Unhooking her backpack, she set it on the floor. She laid her suitcase on its side, pushing the metal handle in as she did so. And then she sat down, cross-legged, in the middle of the busiest train station in the world. She adjusted her headphones, hit play, and let Pink Floyd reinvent what she was witnessing. Her body, her suitcase, her oversized backpack acted as miniature dams to the flow of people. And, just like water in a river, the people reacted accordingly. They redirected themselves around the intrusion, continuing on as if never interrupted. Kate smiled to herself. Many travellers to Japan found enlightenment sitting zazen with Buddhist monks in hidden Kyoto temples. She found it waiting for her on the concourse of Shinjuku Station at rush hour.
Kate was brought out of her reverie by the sight of the American GI’s from the airport. She could see them striding through the station, dodging commuters and laughing. But she couldn’t hear them. Their lips were moving, their hands motioning here and there, but it meant nothing without the words to match the gestures. They practically stepped on her as they made their way through the crowd. From their reaction, she assumed they were laughing at her. One stepped over her suitcase, leaned down and put his face close enough to hers that she could smell aftershave and French fries. Pink Floyd still filled her senses, but the GI’s voice managed to break through.

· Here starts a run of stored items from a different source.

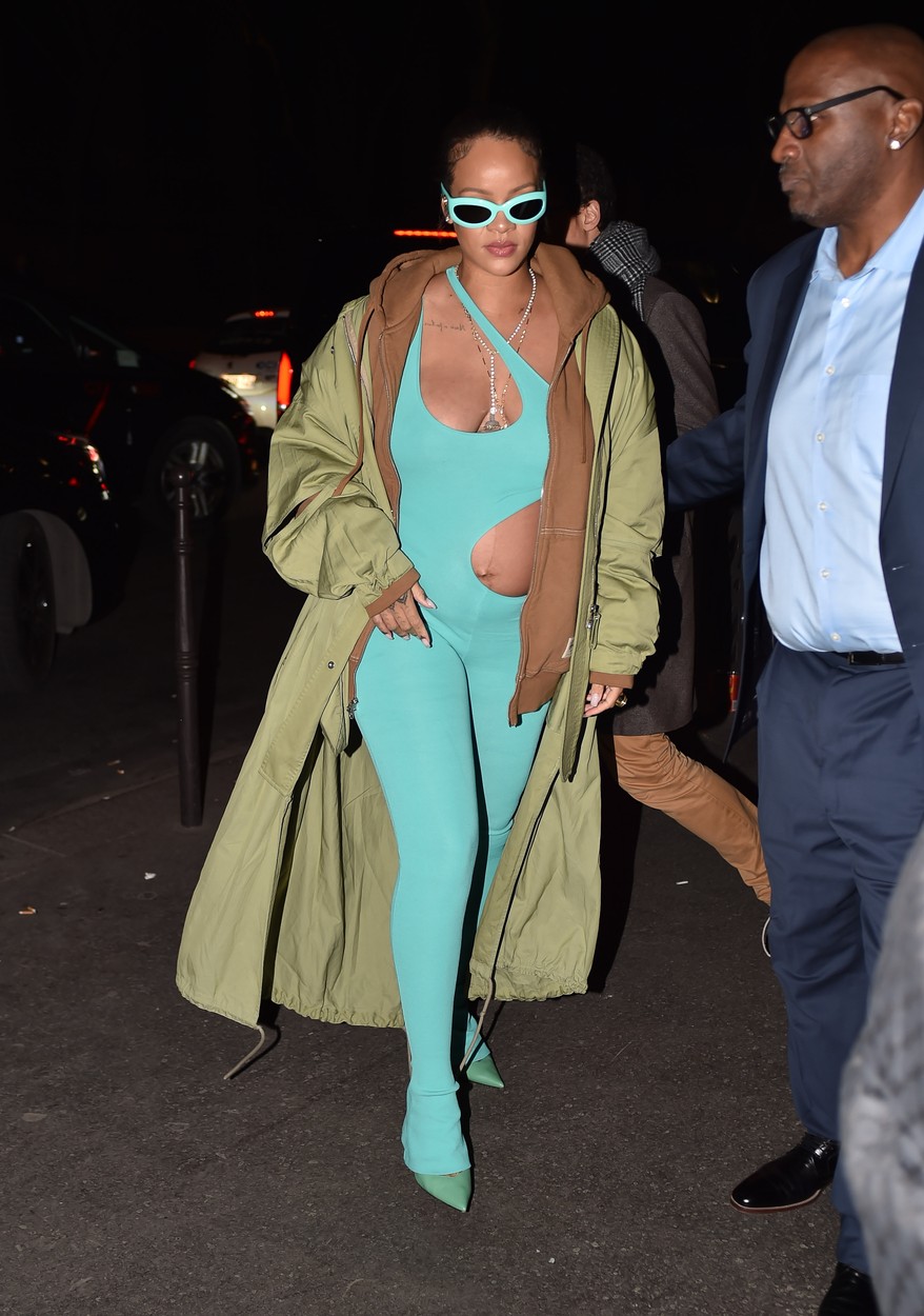 A ni edina, ki te dni dviguje prah s svojimi čudaškimi opravami. Naziv kraljice bizarnih outfitov še vedno pripada noseči Rihanni, ki kljub zimi in mrazu rada postavi na ogled svoj nosečniški trebuh. Tokrat je presenetila v oprijetem turkiznem pajacu, ki je razkazoval njen dekolte in trebuh.
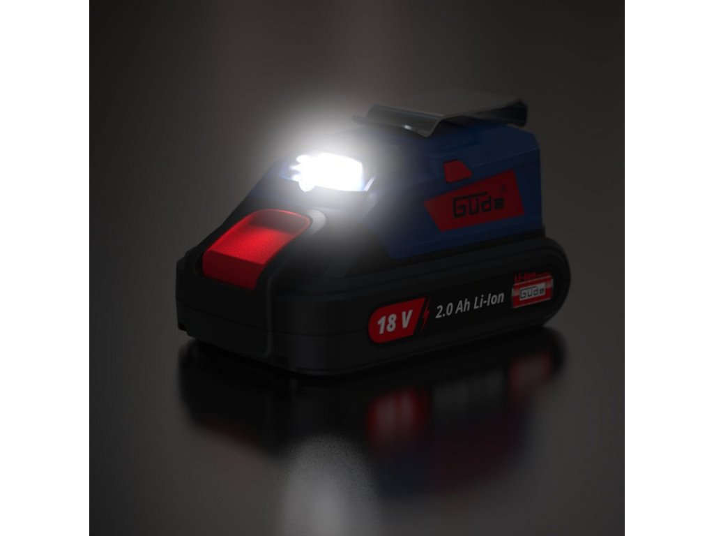 Akumulátorový USB adaptér so svietidlom zo série akumulátorového náradia 18V E3. USB pripojenie (typ A) vhodné na nabíjanie elektronických prístrojov, ako sú napríklad smartfóny. Funkcia baterky s výkonným LED svietidlom. Klasická spona na opasok pre nosenie na stavenisku. Zapínač/vypínač pre funkciu nabíjania USB. Zapínač/vypínač pre LED svetidlo. Bez akumulátora a nabíjačky.
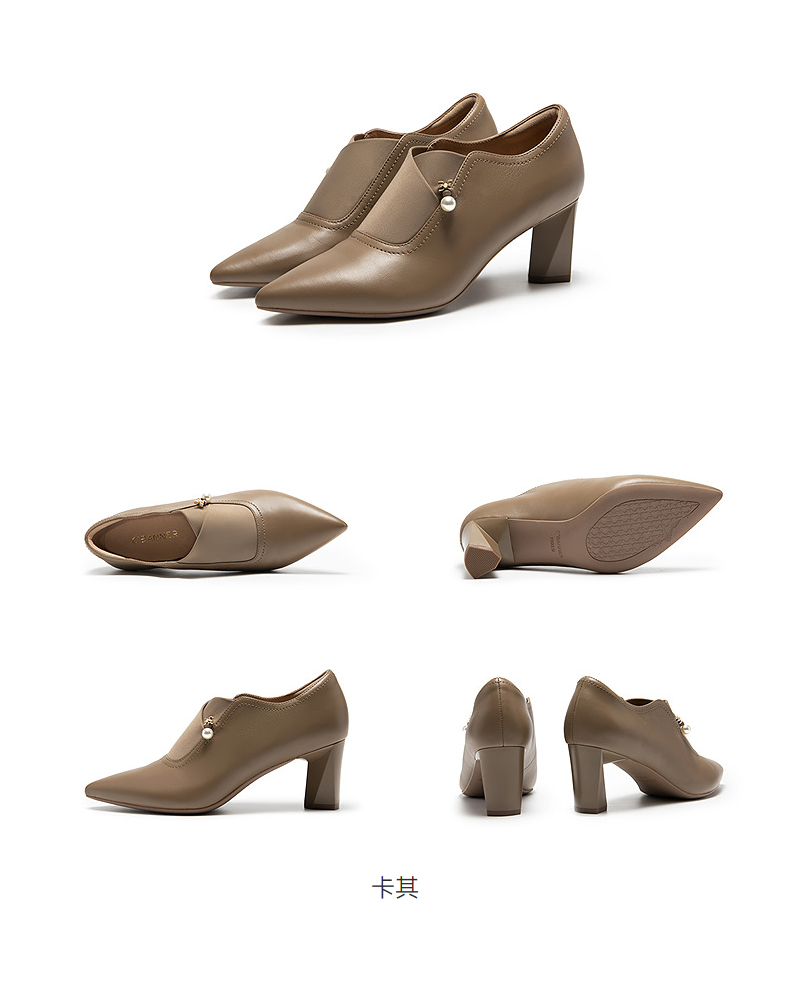 【静音系列】千百度粗高跟踝靴女秋新款短靴深口单鞋A471694/A25471694

She could feel the spray on her face as he yelled; “You’re a fucking freak!” Judging from the contortions overtaking the faces of his pals, he was a hit. They continued their way through the station, receding into the distance. If they had any more comments to add, she couldn’t hear them. And then she couldn’t see them. They were swallowed up by the masses and gone.
In the next moment, she felt a tap on her shoulder. She looked behind her to find a businessman staring down at her. It was difficult to judge his age. He could have been anywhere from thirty to fifty. He had on a smart blue suit and heavy black-rimmed eyeglasses. She removed her earphones. “Missus, are you fine? Are you English speaker?” His raised eyebrows and cocked head made Kate smile. He was truly concerned. She answered him as she brushed her pants down with her hands and stood up; “I’m good. Thanks.”
She hoped her smile was sincere and not overdone. She’d been reading up on cultural communication and she didn’t want to come across as a phony in her first meeting with a Japanese person. “Do you need an information for train?” He was gesturing toward the overhead subway map. It looked like a jumble of Crayola colours splashed on paper by a hyper six-year-old. Kate showed him her map, and he walked her directly to her platform. He even told some fellow passengers where she needed to get off. He left her with a bow and a smile as the train doors slid shut.
She was offered a seat by one of the passengers who had taken note of her stop. She declined the offer. She hitched her backpack securely on her shoulders, and placed her suitcase beside her. She was back on her feet again. She drank in the sights of the train and the people in it as it pulled out of Shinjuku Station to bring her to her new home. Quite possibly, she could belong here.